# Task description
Output, exactly as written, the lines below from the one that has "北朝鮮北部の白頭山で記念撮影" through the one that has "產(chǎn)生不同含鹽量的濃縮液運(yùn)行電耗見表2。"; nothing else, and no pictures.

# Provided data

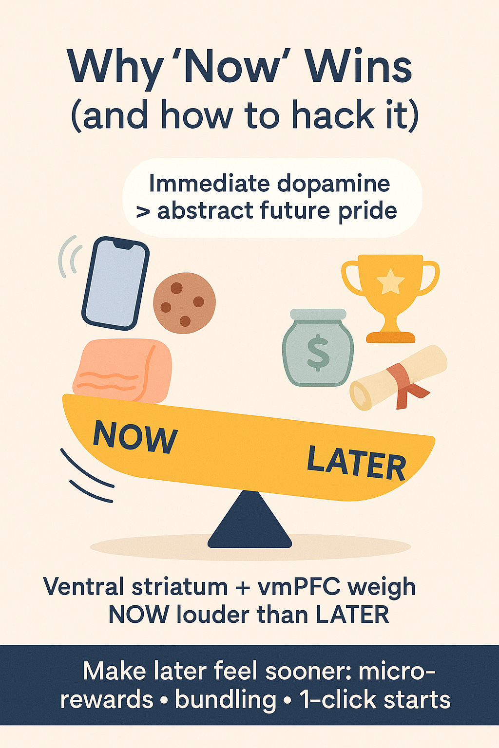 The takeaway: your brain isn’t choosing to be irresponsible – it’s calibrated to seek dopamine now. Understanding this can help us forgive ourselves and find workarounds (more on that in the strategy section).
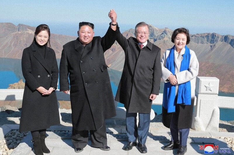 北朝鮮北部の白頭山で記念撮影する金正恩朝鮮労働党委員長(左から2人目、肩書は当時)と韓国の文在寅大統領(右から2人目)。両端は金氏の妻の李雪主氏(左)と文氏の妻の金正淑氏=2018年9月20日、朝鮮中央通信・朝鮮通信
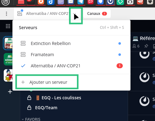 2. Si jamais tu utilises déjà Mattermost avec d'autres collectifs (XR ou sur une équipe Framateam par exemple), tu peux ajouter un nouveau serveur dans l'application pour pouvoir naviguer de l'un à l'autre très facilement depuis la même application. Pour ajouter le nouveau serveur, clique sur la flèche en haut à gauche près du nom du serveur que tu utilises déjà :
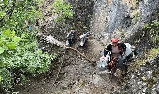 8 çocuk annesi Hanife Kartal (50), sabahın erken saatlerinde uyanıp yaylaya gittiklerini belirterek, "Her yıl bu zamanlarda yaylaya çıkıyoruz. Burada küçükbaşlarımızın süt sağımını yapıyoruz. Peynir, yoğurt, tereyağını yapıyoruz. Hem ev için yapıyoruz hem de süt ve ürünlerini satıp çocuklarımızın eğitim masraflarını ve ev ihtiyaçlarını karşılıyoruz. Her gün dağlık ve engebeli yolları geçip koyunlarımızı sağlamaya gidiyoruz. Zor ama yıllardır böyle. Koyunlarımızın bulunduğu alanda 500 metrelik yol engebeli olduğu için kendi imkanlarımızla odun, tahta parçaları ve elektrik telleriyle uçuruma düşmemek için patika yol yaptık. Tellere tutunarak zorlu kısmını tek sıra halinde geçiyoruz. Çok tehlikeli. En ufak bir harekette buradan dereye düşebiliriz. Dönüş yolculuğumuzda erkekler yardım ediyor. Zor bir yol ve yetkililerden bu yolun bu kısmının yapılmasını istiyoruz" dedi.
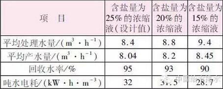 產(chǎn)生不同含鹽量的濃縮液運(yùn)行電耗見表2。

---

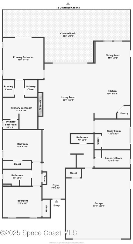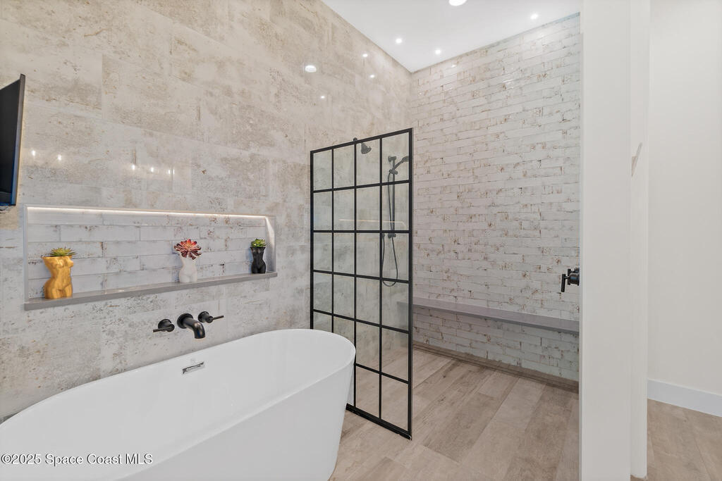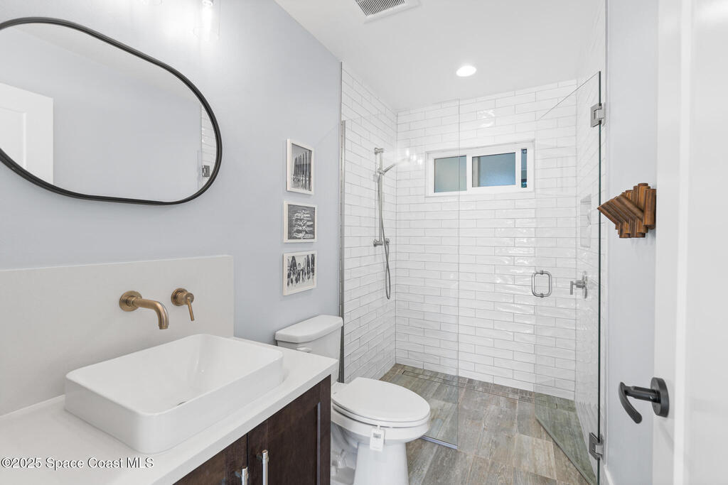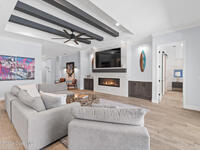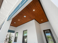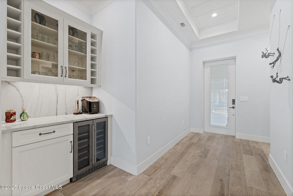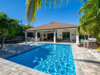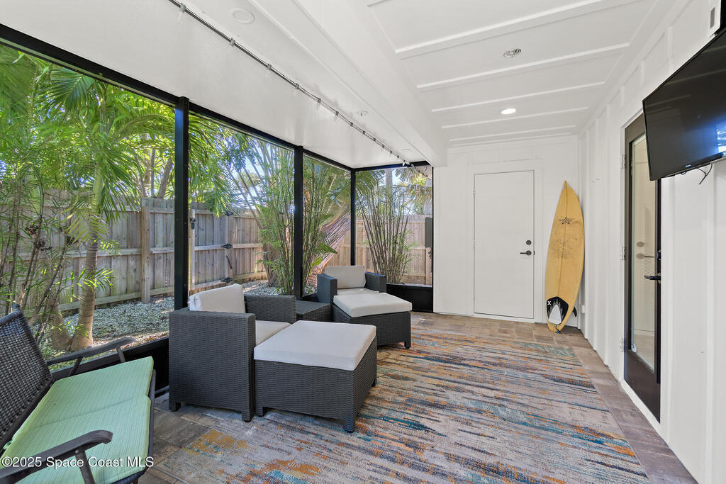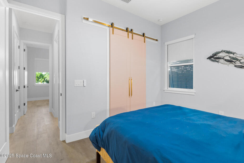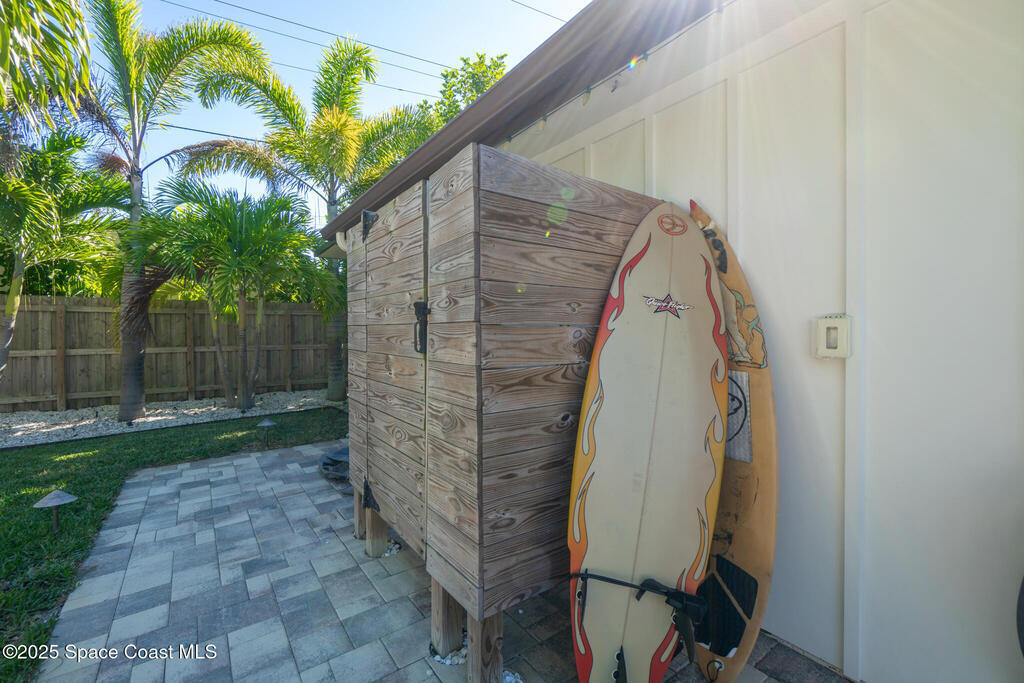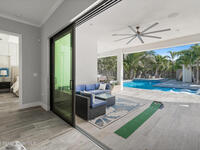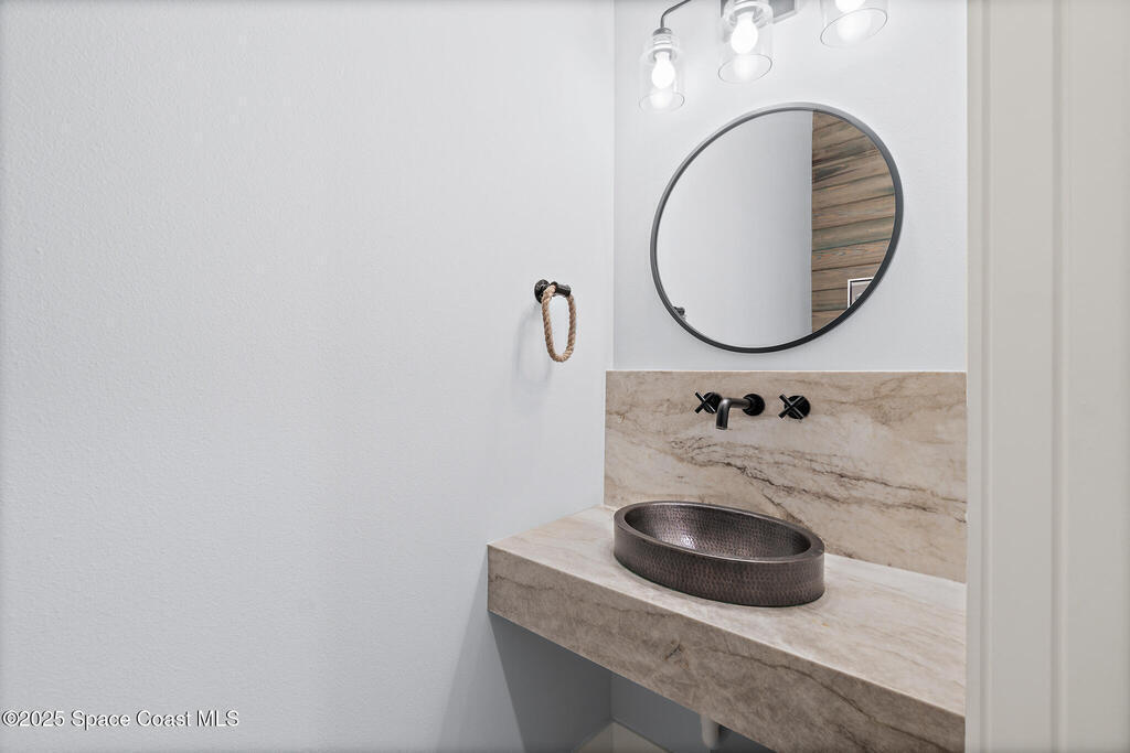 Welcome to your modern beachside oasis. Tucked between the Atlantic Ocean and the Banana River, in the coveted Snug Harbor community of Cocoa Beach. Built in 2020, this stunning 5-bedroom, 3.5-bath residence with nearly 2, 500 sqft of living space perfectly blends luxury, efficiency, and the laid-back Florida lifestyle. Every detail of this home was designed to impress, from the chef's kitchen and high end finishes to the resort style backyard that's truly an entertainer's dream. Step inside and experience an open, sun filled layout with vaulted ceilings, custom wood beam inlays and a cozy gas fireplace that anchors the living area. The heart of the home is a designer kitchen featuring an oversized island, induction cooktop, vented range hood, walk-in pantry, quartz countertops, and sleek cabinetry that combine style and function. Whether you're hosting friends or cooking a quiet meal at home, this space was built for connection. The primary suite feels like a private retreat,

--

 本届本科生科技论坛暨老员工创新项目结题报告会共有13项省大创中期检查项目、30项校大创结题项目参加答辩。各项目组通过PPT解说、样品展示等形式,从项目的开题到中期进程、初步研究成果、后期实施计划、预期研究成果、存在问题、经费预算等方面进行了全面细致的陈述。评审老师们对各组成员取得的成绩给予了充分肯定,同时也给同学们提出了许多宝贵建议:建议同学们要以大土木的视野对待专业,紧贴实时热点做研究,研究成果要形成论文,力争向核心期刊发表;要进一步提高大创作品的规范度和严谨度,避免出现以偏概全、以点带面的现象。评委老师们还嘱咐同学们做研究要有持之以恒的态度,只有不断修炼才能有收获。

# Exercise result
 北朝鮮北部の白頭山で記念撮影する金正恩朝鮮労働党委員長(左から2人目、肩書は当時)と韓国の文在寅大統領(右から2人目)。両端は金氏の妻の李雪主氏(左)と文氏の妻の金正淑氏=2018年9月20日、朝鮮中央通信・朝鮮通信
 2. Si jamais tu utilises déjà Mattermost avec d'autres collectifs (XR ou sur une équipe Framateam par exemple), tu peux ajouter un nouveau serveur dans l'application pour pouvoir naviguer de l'un à l'autre très facilement depuis la même application. Pour ajouter le nouveau serveur, clique sur la flèche en haut à gauche près du nom du serveur que tu utilises déjà :
 8 çocuk annesi Hanife Kartal (50), sabahın erken saatlerinde uyanıp yaylaya gittiklerini belirterek, "Her yıl bu zamanlarda yaylaya çıkıyoruz. Burada küçükbaşlarımızın süt sağımını yapıyoruz. Peynir, yoğurt, tereyağını yapıyoruz. Hem ev için yapıyoruz hem de süt ve ürünlerini satıp çocuklarımızın eğitim masraflarını ve ev ihtiyaçlarını karşılıyoruz. Her gün dağlık ve engebeli yolları geçip koyunlarımızı sağlamaya gidiyoruz. Zor ama yıllardır böyle. Koyunlarımızın bulunduğu alanda 500 metrelik yol engebeli olduğu için kendi imkanlarımızla odun, tahta parçaları ve elektrik telleriyle uçuruma düşmemek için patika yol yaptık. Tellere tutunarak zorlu kısmını tek sıra halinde geçiyoruz. Çok tehlikeli. En ufak bir harekette buradan dereye düşebiliriz. Dönüş yolculuğumuzda erkekler yardım ediyor. Zor bir yol ve yetkililerden bu yolun bu kısmının yapılmasını istiyoruz" dedi.
 產(chǎn)生不同含鹽量的濃縮液運(yùn)行電耗見表2。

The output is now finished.